Wheat crop, one of 1000’s of acres of cereal crops that are grown here ,the homes in the background are on a famous Greg Norman golf course estate


----------



## Kadee (Jul 18, 2020)

One of my special ( rare ) begonias


----------



## Kaila (Jul 18, 2020)

Gorgeous begonia, @Kadee46   !

Is it outdoors or indoors?
Is it in a container?

Is it in shade?

I love it; could you give me a cutting?


----------



## Kadee (Jul 18, 2020)

Kaila said:


> Gorgeous begonia, @Kadee46   !
> 
> Is it outdoors or indoors?
> Is it in a container?
> ...


I have it growing under a verandah @Kaila I have several special begonias I bought from a grower in Queensland ,and yes its in a pot ...NO I sorry you can’t have one cause I live here a long along way from you


----------



## Kaila (Jul 18, 2020)

Thank you for explaining, @Kadee46 

It's nice to learn about them, 
even though you don't even want to drop off a small starter for me, when you go by, sometime, on your way, someplace, and it wouldn't be much inconvenience for you.


----------



## Kadee (Jul 18, 2020)

What about this one @Kaila


----------



## Kaila (Jul 18, 2020)

Beautiful and interesting!  @Kadee46 
I do love begonias, and they do not need full sun, like so many nice plants do.

Of those 2, I like both, but am more intrigued by the first one;
that is, if you changed your mind about bringing me one, but only have room for one, in the car.


----------



## Kaila (Jul 18, 2020)

How far would the USA/ Canada border be, from Australia anyway? 
It can't be *that far *_out of your way!  _


----------



## Kadee (Jul 18, 2020)

Kaila said:


> Beautiful and interesting!  @Kadee46
> I do love begonias, and they do not need full sun, like so many nice plants do.
> 
> Of those 2, I like both, but am more intrigued by the first one;
> that is, if you changed your mind about bringing me one, but only have room for one, in the car.


OK you’ve talked me into dropping in for a cuppa and chat ..send me your address and I’ll be there 
plant in hand in about an hour       @Kaila


----------



## RadishRose (Jul 18, 2020)

@Kadee, your begonias are beautiful, just look a the varigation on the leaves! So nice to see, thank you.


----------



## Kaila (Jul 18, 2020)

Kadee46 said:


> OK you’ve talked me into dropping in for a cuppa and chat ..send me your address and I’ll be there
> plant in hand in about an hour



Oh, thank you!  And the post gave me a big smile and brought welcome laughter to my face.
But now, @RadishRose  might want you to drop by her, also, since she is only 3 or 4 States away from me....so again, not far out of your way.  

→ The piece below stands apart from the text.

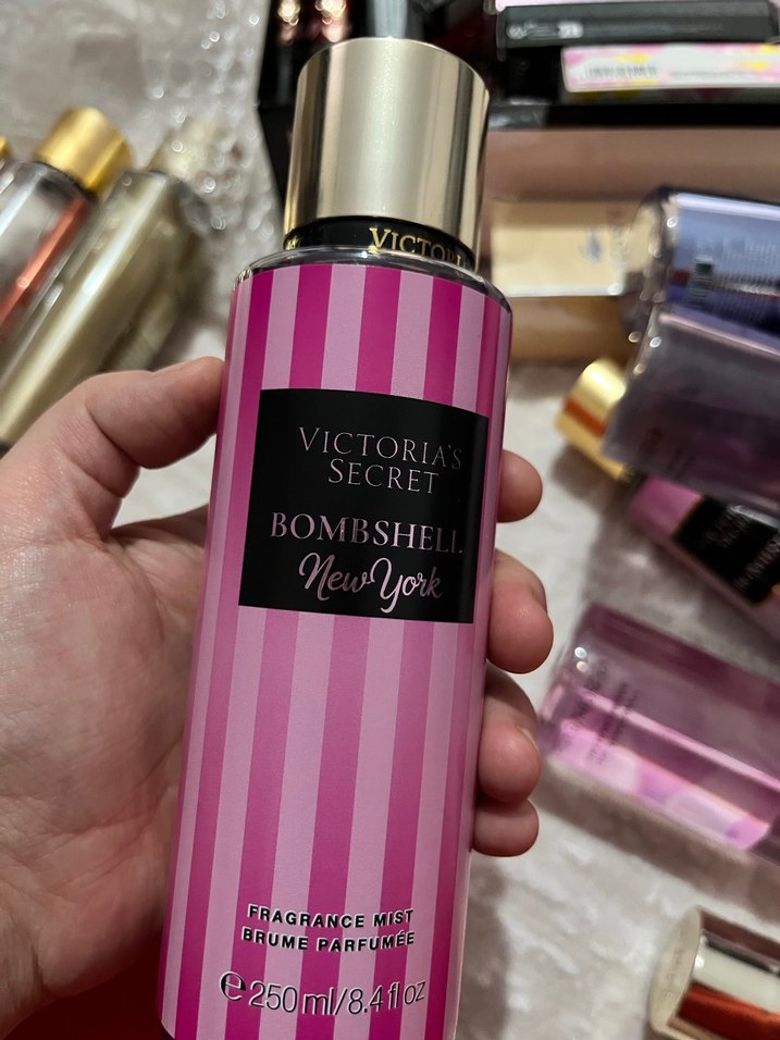 Victoria's Secret Bombshell New York, 250 ml parfüm spreyi, pembe çizgili şişede, altın kapaklı, taze ve zarif koku sunar.

I must make a space for the plant on my plant table, right now!


----------



## RadishRose (Sep 16, 2020)

Something I have never before seen-


----------



## Kadee (Sep 16, 2020)

I’ve never see that before @RadishRose

I must go take a photo of my newest plant @Kaila a you might want a cutting of that as well

there seems to be a “must have” of Variegated  monsteras plants   at any cost at the moment with some paying up to $3.000 for a single cutting of a slightly different version with more white on it the leaves than the one I bought , mind you they are getting big money  for the one I have as well 

I watched a YouTube on the subject of the variegated monstera and the lady was saying the more expensive ones that people are paying thousands for are just a freak of nature and will eventually turn to plain green where the one I bought has The variegation breed into it.

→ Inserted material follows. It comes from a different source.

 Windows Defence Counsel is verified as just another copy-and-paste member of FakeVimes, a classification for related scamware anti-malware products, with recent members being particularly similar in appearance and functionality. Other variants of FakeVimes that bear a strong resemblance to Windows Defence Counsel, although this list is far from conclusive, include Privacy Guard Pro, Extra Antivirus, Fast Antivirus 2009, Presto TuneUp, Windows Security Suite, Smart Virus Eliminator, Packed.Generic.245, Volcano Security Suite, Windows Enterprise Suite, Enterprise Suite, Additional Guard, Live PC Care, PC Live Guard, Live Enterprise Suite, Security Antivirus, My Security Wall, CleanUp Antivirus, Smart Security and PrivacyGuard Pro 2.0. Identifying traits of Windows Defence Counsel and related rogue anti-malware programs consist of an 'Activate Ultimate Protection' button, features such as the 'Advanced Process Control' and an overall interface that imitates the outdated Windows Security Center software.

LOOK at this tiny cutting on eBay ...that’s the one that is more likely to turn green then It will be worth maybe $20......$30


----------



## Kadee (Sep 16, 2020)

This is my Variegated Thai consultation version of the plant called a Monstera ,sometimes called a Swiss cheese plant.
The ones that look the same but bring big money are called Albo as in photo above .....I’m happy  to settle for the cheaper version I know will always be variegated...and not turn to plain green after a while


----------



## RadishRose (Sep 16, 2020)

WOW Kadee! I've ever heard of a variegated Monstera before. 

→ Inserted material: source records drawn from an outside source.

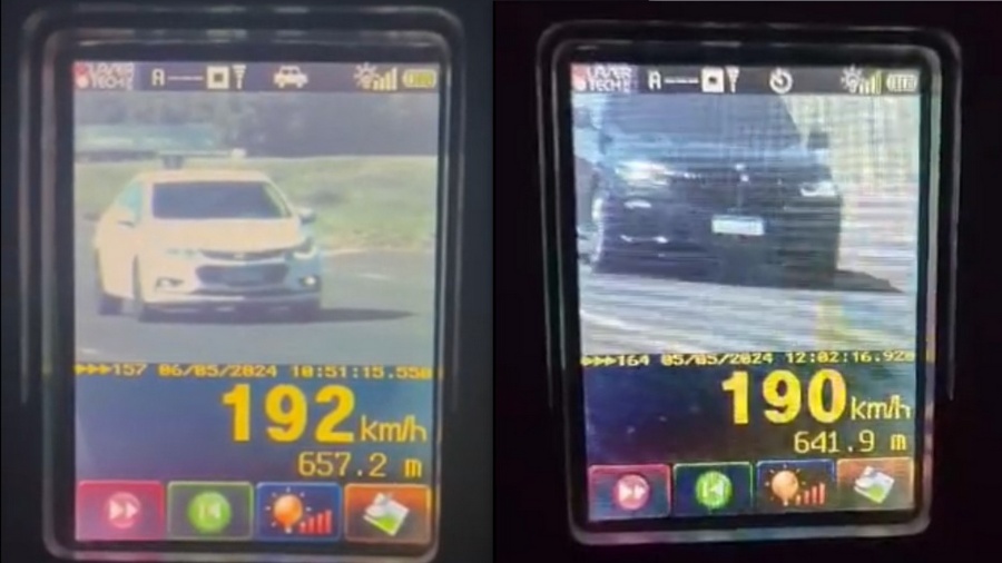 O flagra dos veículos, um GM/Cruze e uma BMW, aconteceu no trecho entre a Pista de Arrancada e Vila Ipiranga, em fiscalização realizada no último final de semana (05 e 06 de maio). A velocidade permitida no trecho é de 110 km/h.
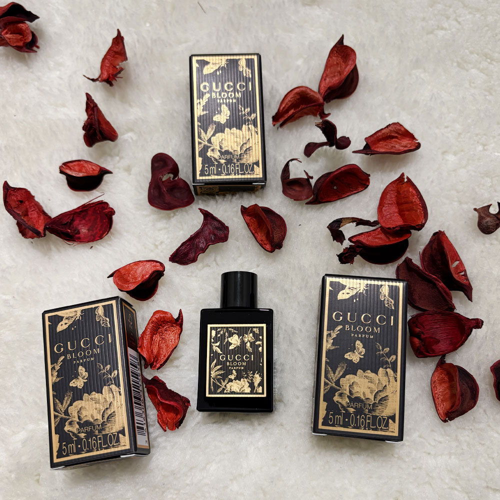 Housed in a striking midnight black bottle with Gucci’s signature floral print, this 5ml version is perfect for travel, trial, or gifting.
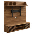 - CABLE MANAGEMENT - Mounting to the wall, this TV stand is crafted with particleboard, MDF, and wood grain laminate. Cable management holes keep cords out of sight and visual space clean
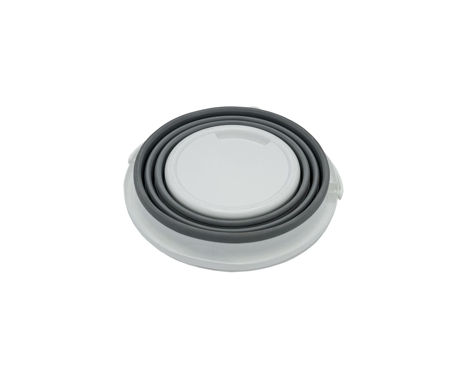 Avec ses couleurs neutres, blanc et gris, le seau pliant s'adapte à tous les intérieurs.

I had a regular one and it became huge; had to stake it yet, it still grew out into the room and up. 

When I bought my condo, I had to give it away. I had no room for it


----------



## Kadee (Sep 16, 2020)

@RadishRose if you want to look at the crazy prices people are paying ...just put variegated monstera into eBay search tool

I had a plain  green one years ago in Adelaide it got so big I could have built a tree house in it


----------



## Kadee (Sep 16, 2020)

It’s just staring to get a little warmer here as we get closer to spring .
I thought I’d lost this begonia but a new shoot has popped up ..
Most of my begonias are known as rhizomatous ( some think they are Rex ) but they are not Rex 
as Rex die down in Winter but mine don‘t 
 

This one is a cane begonia I l love the variegated leaves of this one 
This one can grow up to 6 ft tall


----------